And so that’s kind of where I am with “The Hedonist in the Cellar,” which I was breezing through fairly quickly until I decided to prepare for my CSW exam last year. As I resolved to begin studying more seriously, I decided to put the book on hold, and it’s been collecting dust on my nightstand ever since. Of course, since Jay McInerney’s book is actually a collection of essays, the text itself doesn’t demand to be read in any particular order, or within any sort of time-frame (what I like to call a good “bathroom reader”). Frankly, I’m fast-tracking this book review because I really wanted to comment on McInerney’s recent appointment as the new Wall Street Journal wine critic. Given the portion of “Hedonist” that I have read, I find this development very interesting and appealing.
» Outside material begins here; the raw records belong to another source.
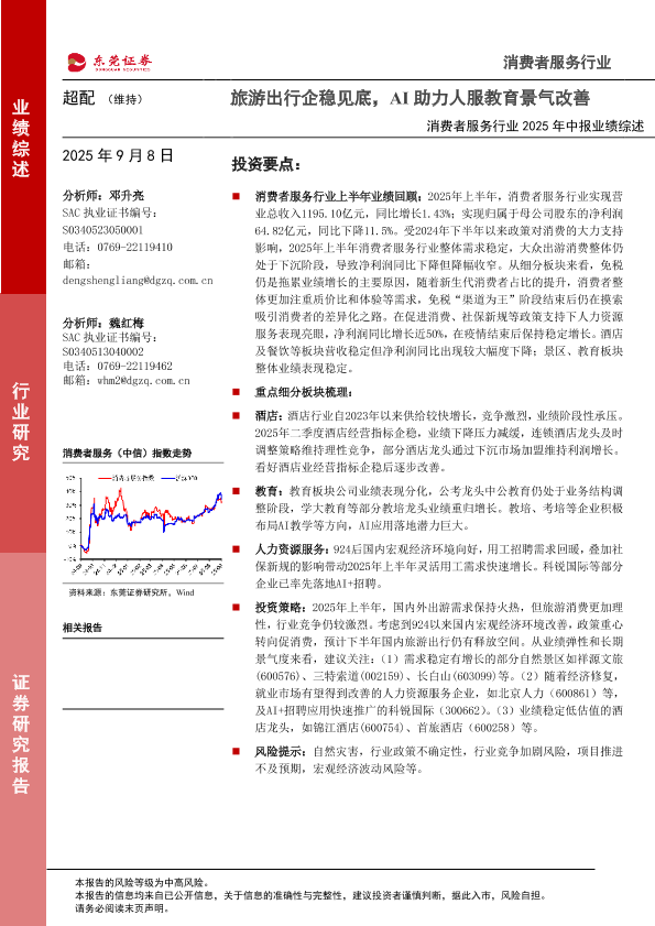 【东莞证券】【202509】消费者服务行业2025年中报业绩综述:旅游出行企稳见底,AI助力人服教育景气改善-17页
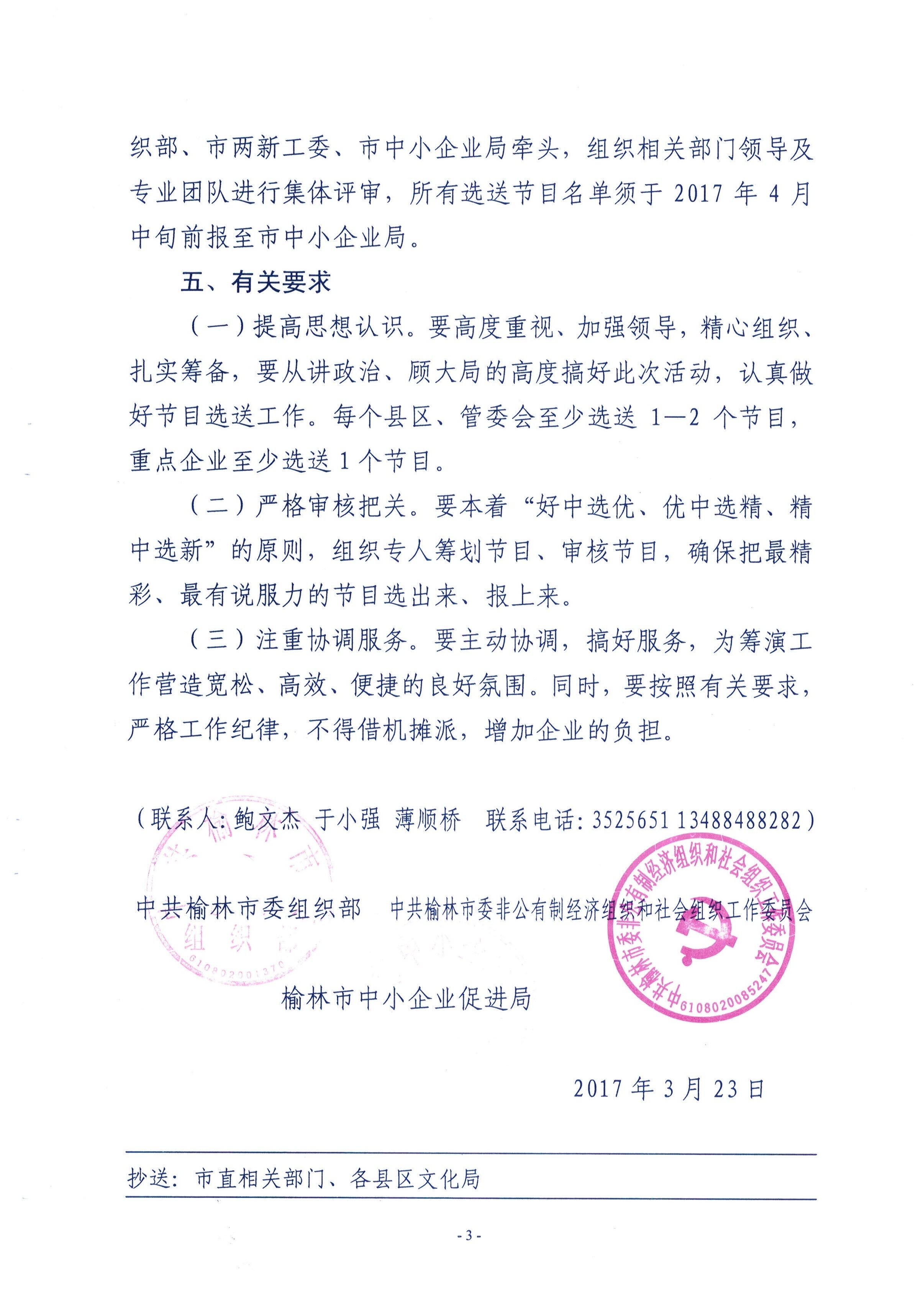 关于征集《榆林市非公企业庆“七一”党建主题文艺晚会》节目的通知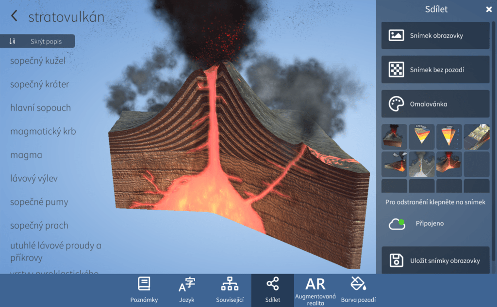 U každého z modelů jsou plně k dispozici i další, doplňující funkce, což jsou poznámky, sdílení, změna jazyka, barvy pozadí a také funkce související, které najdeme na liště nacházející se na spodní straně obrazovky. Při rozkliknutí poznámek nám vyjedou na pravé straně obrazovky základní informace, kde je stručný popisek, který vysvětlí, co všechno můžeme na zvoleném 3D modelu vidět a k čemu to případně slouží, což řadím mezi další vysokou edukační hodnotu. Velikou výhodou je i možnost přidat své vlastní poznámky kliknutím na Poznámky a poté Vlastní poznámky. Zde můžeme svůj text přímo napsat nebo vložit z dokumentu.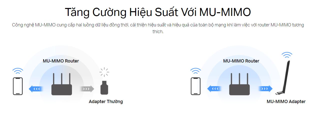 Mercusys MA30H được trang bị công nghệ MU-MIMO (Multi-User, Multiple-Input, Multiple-Output), giúp tăng hiệu quả truyền tải dữ liệu bằng cách cho phép nhiều thiết bị kết nối và sử dụng mạng cùng lúc mà không làm giảm hiệu suất.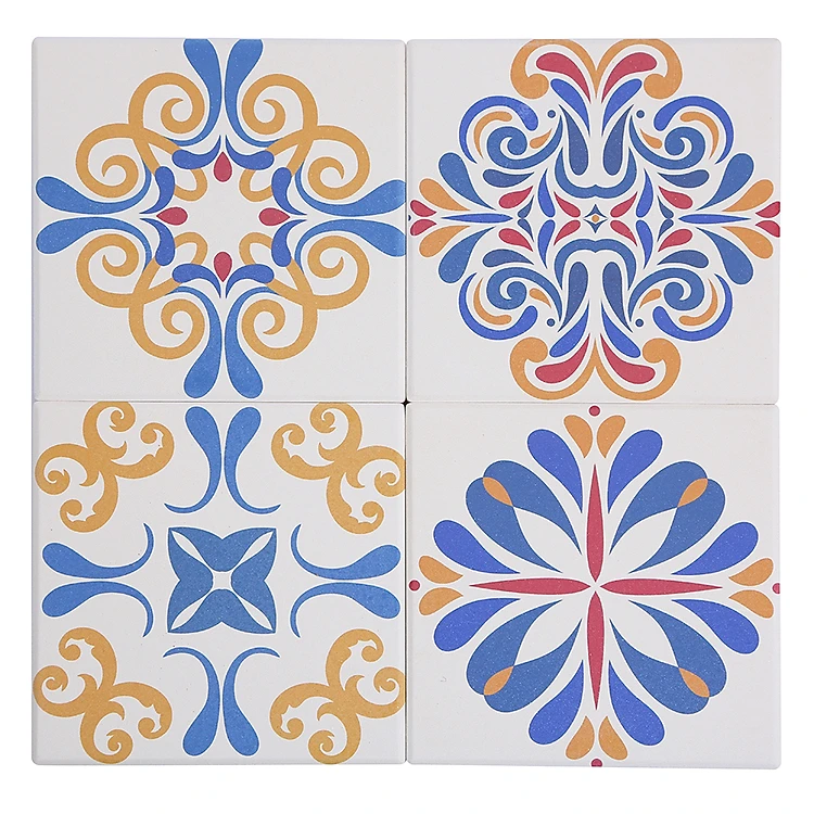 Bộ 4 Lót Ly Vuông - Gạch Hoa OPT1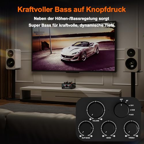 Super basses et composants de qualité audiophile : outre les réglages habituels des aigus et des basses pour personnaliser votre son préféré, un bouton de super basses allant jusqu’à 20 Hz est ajouté pour obtenir des effets de basses choquants. Le T6PRO adopte la puce Bluetooth QCC5125, les condensateurs allemands WIMA, japonais ELNA et Rubycon, les inducteurs audio professionnels et les potentiomètres de précision entièrement scellés, etc. pour offrir une clarté exceptionnelle et une faible distorsion.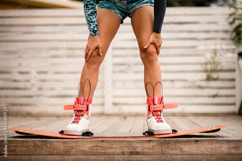 action, athletic, attach, beautiful, blurred, board, boarding, boot, bright, colourful, cool, equipment, female, fit, fix, fixed, front, front view, hand, holiday, joy, leg, leisure, pair, pink, resort, river, shoe, special, sport, sports equipment, sporty, summer, summer, swimwear, swimwear, tightening, training, vessel, vibrant, view, wakeboarding, white, woman, wooden, young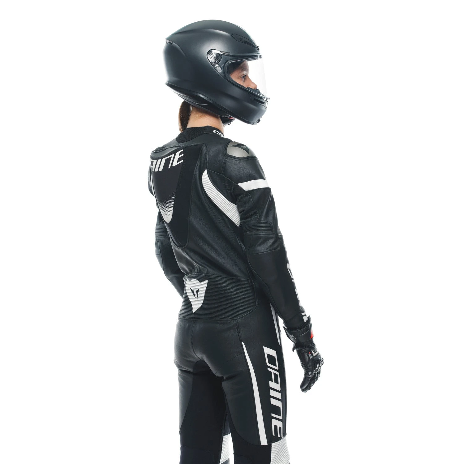 - Leather motorcycle suit with localized perforation and dedicated female fit. Extremely protective and comfortable due to the composite protectors and stretch inserts. Suitable for the track riding.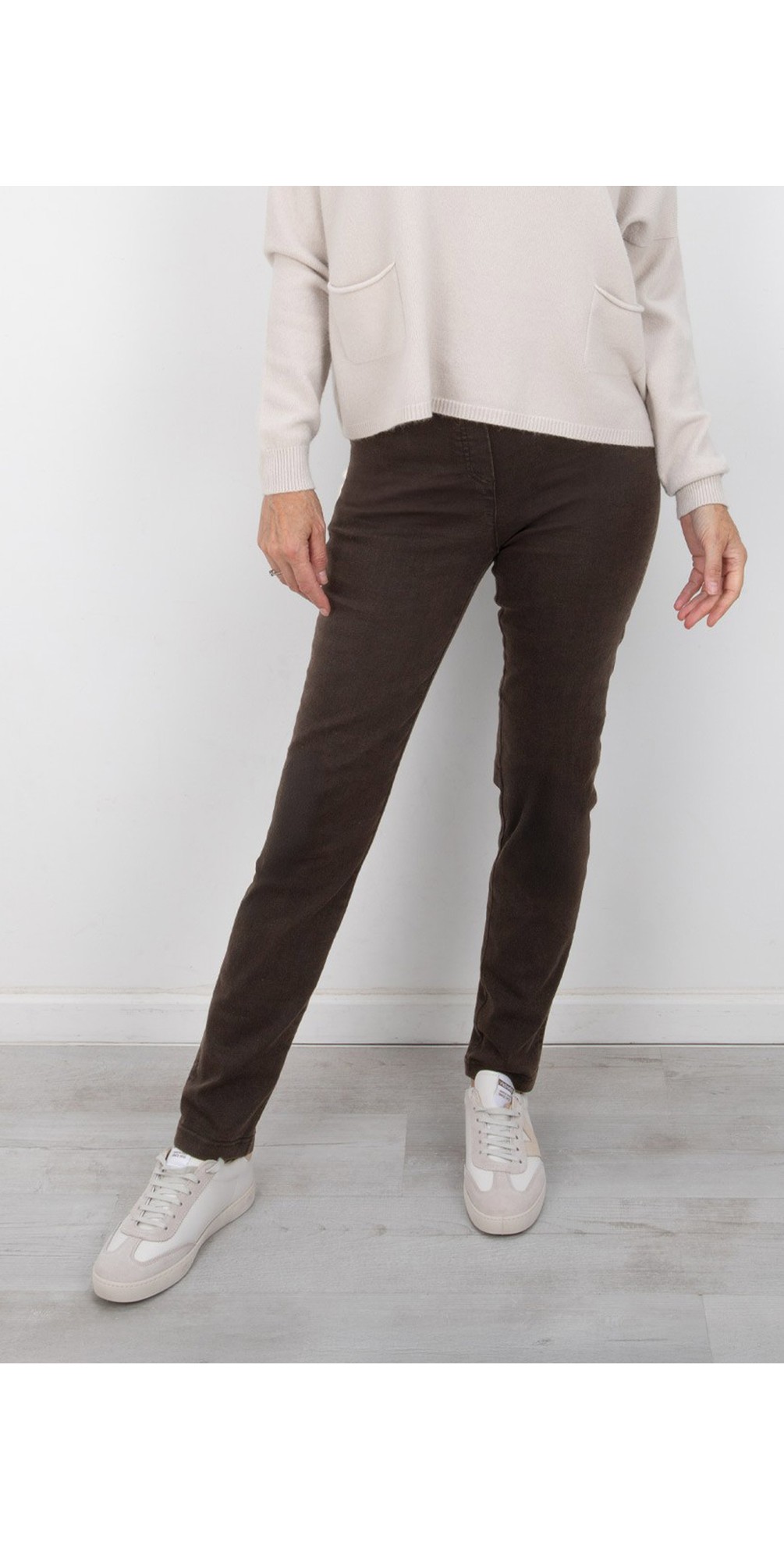 FIT: Robell Bella - Generous fitting trouser with a slim leg and elasticated waistband. We suggest going down a size.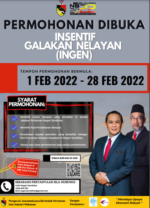 Untuk sebarang pertanyaan dan maklumat lanjut, anda boleh hubungi LKIM Negeri Sembilan di talian +606 675 1911 atau emel ke alamat lkim.negerisembilan@gmail.com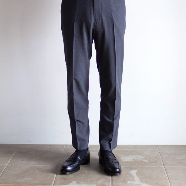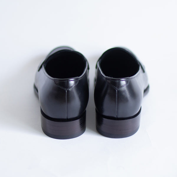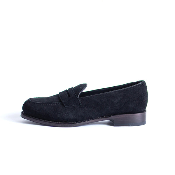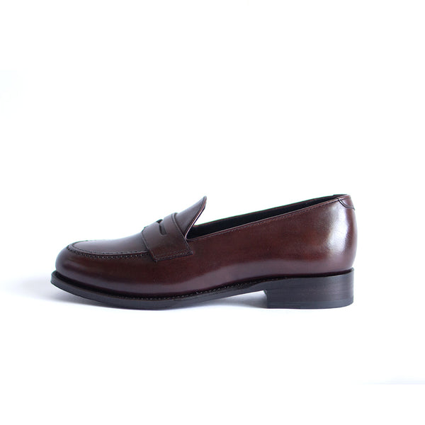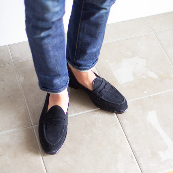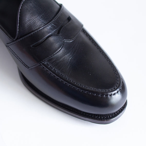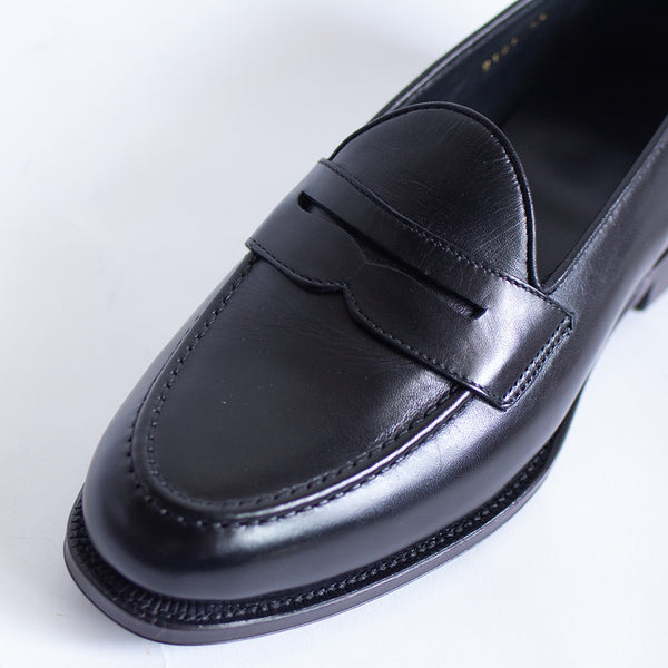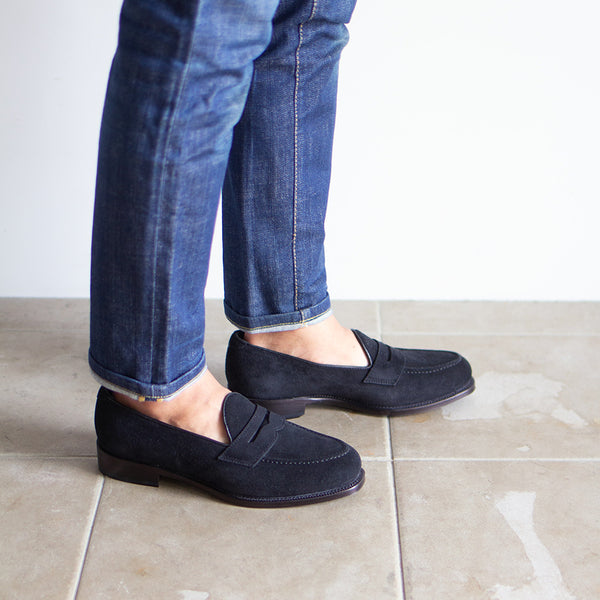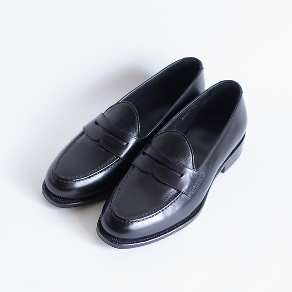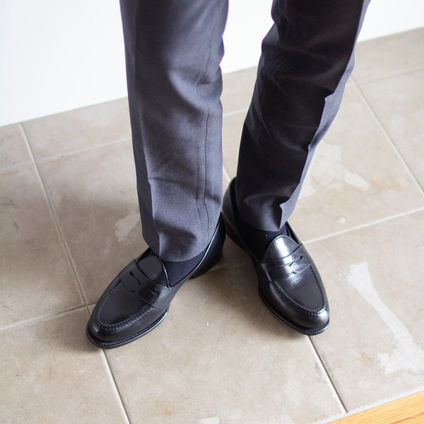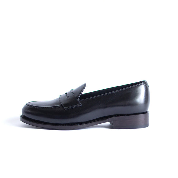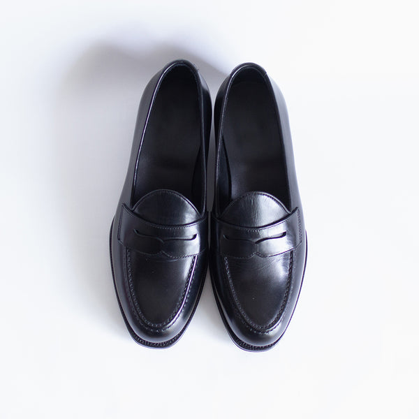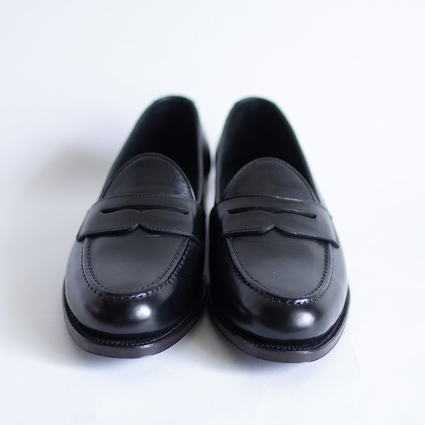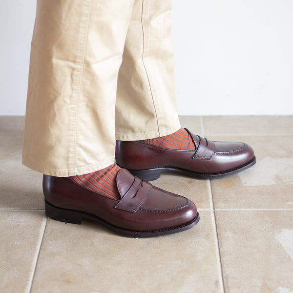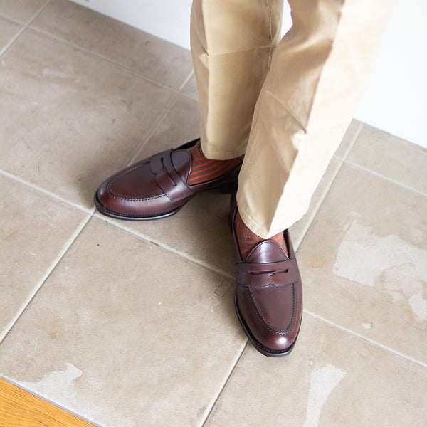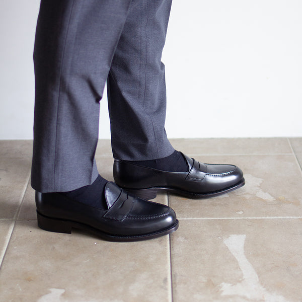 フラットストラップのすっきりとしたデザイン。ペニーローファーの魅力といえば、何と言っても「気軽に履ける革靴」という点でしょう。アイビールックやプレッピーなスタイルに欠かせない、どこか知的で少し着崩したような適度な脱力感と、脱ぎ履きのしやすい、使い勝手の良い革靴である事は最大の魅力といっても過言ではありません。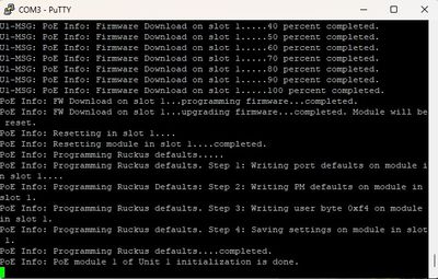Based on the picture you shared, I can see that the RUCKUS Switch now has a green LED for both the PWR and SYST indicators, which confirms that the Switch has returned to its normal state.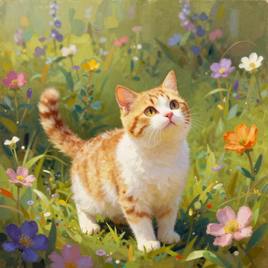 Whimsical Playful Cat in Snowy Glade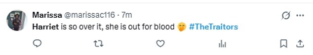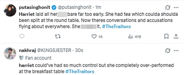 They posted on X: ‘Harriet laid all her s**t bare far too early. She had tea coulda shoulda been spilt at the round table. Now there’s conversations and accusations flying about everywhere. She’s f****d it.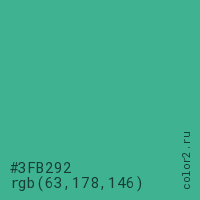 Цвет #3FB292 в цветовой модели RGB обозначается тремя октетами (63, 178, 146) в десятичном формате и #3FB292 в шестнадцатиричном (hex) формате, которые являются интенсивностью красного 63 (hex 3F), интенсивность зелёного 178 (hex B2) и интенсивность синего 146 (hex 92).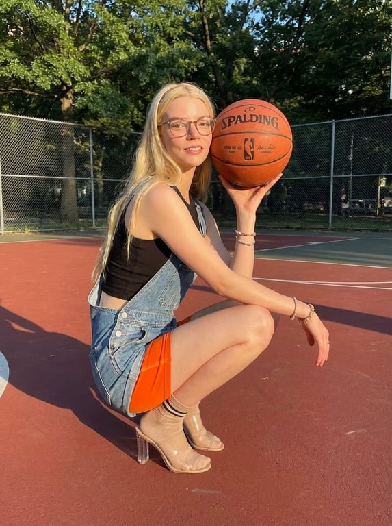 A detailed prompt for Nano Banana Pro to generate a lifestyle editorial image of Anya Taylor-Joy in a 'soft girl meets sporty' aesthetic, squatting on an outdoor basketball court during golden hour, emphasizing strict identity lock and photorealistic details.

To me, the WSJ has always been a unique wine resource, having built much of its reputation under the husband-and-wife duo of Dorothy Gaiter and John Brecher (sidenote: “Open That Bottle Night” is on February 27th this year). The happy couple had penned their column in the Journal since 1998, which takes me back to a time in which I knew very little about wine. I feel that the “can’t-miss” economics of the dot-com boom prompted much of Generation X to begin reading the WSJ, at least occasionally, as “IPO” soon became the acronym on everyone’s lips. Subsequently, I think Gaiter and Brecher exposed many newly affluent Americans to the idea of wine as an approachable luxury, even if their advice may have been grounded in value. For me, the tandem certainly offered a unique voice, and Jay McInerney should as offer something similar.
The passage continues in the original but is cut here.